Work instructions: In the listing below, the lines starting at the line with "茶トラ、尻尾が長い、人懐こい、ビビり、去勢済み" and ending at the line with "- ^ Peters, Lionel;" are to be output verbatim. Images stay out of the copy.

Records:
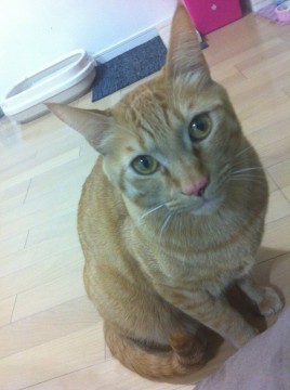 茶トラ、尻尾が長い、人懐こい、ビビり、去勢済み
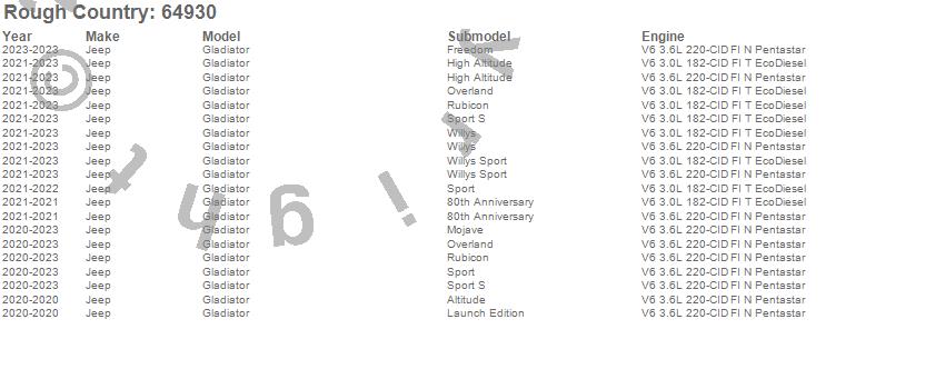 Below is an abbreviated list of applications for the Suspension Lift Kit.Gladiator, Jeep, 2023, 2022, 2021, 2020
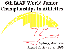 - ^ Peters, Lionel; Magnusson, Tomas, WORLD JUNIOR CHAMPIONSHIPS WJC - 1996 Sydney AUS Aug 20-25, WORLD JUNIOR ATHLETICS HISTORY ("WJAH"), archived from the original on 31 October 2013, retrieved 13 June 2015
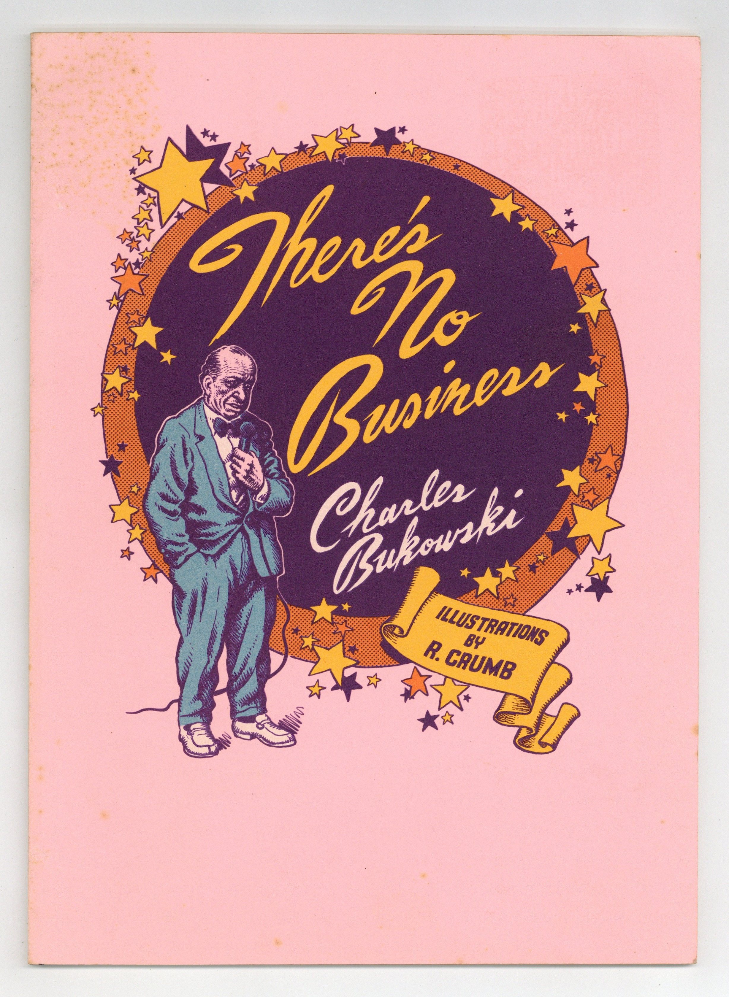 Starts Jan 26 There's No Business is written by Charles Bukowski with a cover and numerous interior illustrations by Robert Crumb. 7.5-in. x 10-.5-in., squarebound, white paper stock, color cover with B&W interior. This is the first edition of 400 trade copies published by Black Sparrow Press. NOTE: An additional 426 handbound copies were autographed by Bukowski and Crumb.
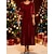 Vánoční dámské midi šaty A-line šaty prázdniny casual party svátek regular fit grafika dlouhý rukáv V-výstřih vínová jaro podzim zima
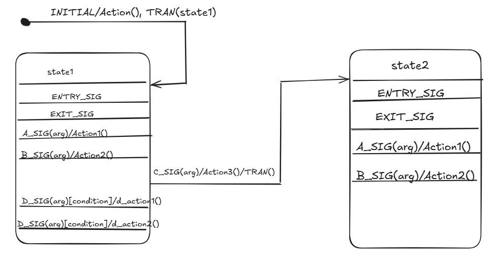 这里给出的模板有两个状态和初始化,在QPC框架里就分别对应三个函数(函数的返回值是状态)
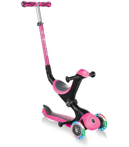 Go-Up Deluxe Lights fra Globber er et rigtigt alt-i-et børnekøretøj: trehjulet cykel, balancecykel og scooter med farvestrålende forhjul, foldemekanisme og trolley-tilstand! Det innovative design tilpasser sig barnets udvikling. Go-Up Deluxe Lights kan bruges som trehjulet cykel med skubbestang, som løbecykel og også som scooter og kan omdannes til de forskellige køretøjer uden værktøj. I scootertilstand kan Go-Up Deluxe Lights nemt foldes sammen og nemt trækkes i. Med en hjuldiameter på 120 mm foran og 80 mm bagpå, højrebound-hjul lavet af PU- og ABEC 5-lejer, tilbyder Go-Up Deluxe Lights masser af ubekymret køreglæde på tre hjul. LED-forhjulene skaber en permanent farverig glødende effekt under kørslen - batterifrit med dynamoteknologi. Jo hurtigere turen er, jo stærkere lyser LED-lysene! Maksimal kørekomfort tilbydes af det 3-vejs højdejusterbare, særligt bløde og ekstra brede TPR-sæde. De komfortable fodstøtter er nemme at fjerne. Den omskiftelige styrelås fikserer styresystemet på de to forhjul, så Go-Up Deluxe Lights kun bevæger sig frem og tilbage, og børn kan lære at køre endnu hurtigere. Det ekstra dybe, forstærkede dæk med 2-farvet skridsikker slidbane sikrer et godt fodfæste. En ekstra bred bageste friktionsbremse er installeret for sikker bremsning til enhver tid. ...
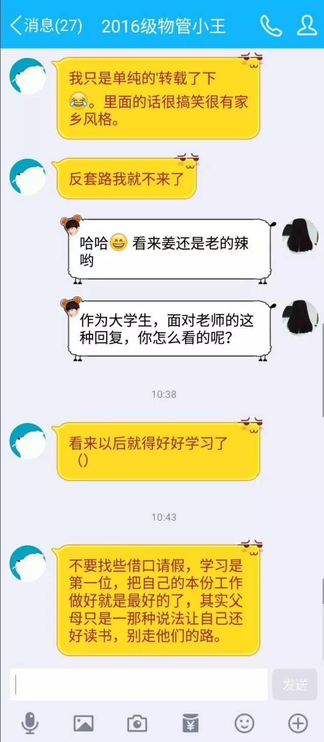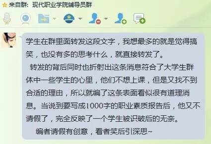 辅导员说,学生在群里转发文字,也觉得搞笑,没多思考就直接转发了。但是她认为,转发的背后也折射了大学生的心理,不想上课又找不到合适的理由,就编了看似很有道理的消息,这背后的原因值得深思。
* * *
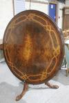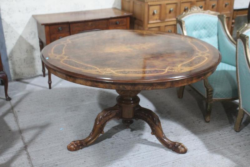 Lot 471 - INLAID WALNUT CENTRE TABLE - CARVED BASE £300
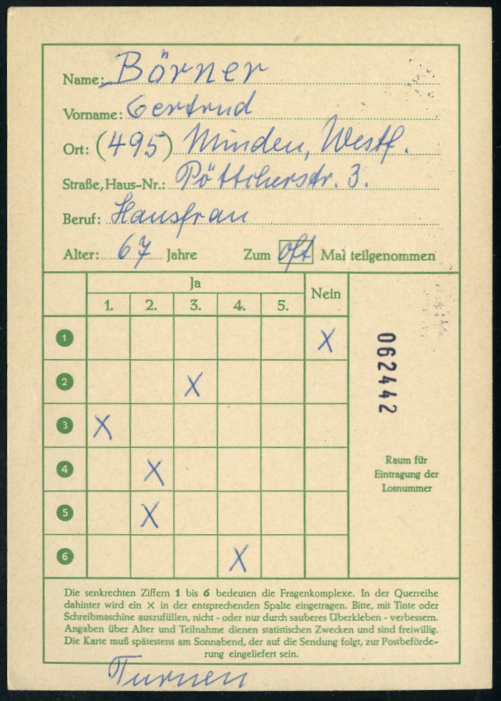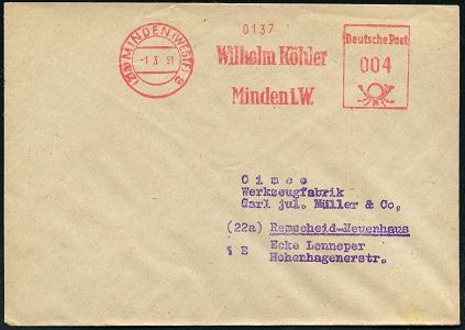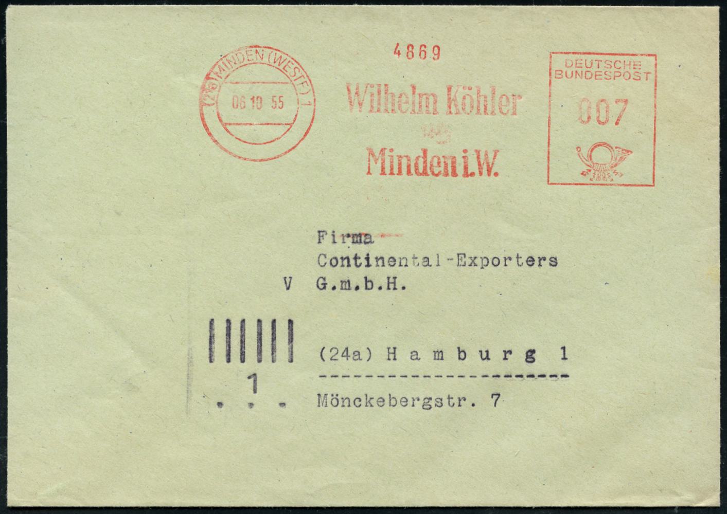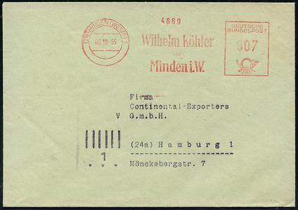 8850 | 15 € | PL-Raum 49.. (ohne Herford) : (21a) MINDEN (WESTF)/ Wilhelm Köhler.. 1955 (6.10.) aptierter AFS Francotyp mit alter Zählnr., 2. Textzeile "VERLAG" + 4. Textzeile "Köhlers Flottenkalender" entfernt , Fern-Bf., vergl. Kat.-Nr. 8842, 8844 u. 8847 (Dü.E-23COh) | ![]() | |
* * *
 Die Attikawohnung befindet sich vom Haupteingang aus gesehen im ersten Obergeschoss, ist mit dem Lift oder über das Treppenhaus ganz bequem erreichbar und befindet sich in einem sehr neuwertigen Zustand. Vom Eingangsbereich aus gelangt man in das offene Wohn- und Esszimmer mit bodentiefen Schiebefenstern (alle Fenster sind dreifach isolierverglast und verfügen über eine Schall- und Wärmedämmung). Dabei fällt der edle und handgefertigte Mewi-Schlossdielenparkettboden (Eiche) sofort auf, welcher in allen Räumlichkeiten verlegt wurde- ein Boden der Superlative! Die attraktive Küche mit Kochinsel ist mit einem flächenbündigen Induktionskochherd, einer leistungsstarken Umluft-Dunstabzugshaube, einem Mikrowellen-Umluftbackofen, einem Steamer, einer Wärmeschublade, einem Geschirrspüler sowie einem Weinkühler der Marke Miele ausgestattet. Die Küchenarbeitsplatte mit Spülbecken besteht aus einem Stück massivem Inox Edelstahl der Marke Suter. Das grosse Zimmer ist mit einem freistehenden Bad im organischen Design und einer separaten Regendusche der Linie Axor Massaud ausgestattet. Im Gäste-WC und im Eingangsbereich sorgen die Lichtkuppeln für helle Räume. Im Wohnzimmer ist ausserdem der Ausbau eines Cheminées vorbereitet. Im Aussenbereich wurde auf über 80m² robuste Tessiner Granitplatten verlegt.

Output of the exercise:
 茶トラ、尻尾が長い、人懐こい、ビビり、去勢済み
 Below is an abbreviated list of applications for the Suspension Lift Kit.Gladiator, Jeep, 2023, 2022, 2021, 2020
 - ^ Peters, Lionel; Magnusson, Tomas, WORLD JUNIOR CHAMPIONSHIPS WJC - 1996 Sydney AUS Aug 20-25, WORLD JUNIOR ATHLETICS HISTORY ("WJAH"), archived from the original on 31 October 2013, retrieved 13 June 2015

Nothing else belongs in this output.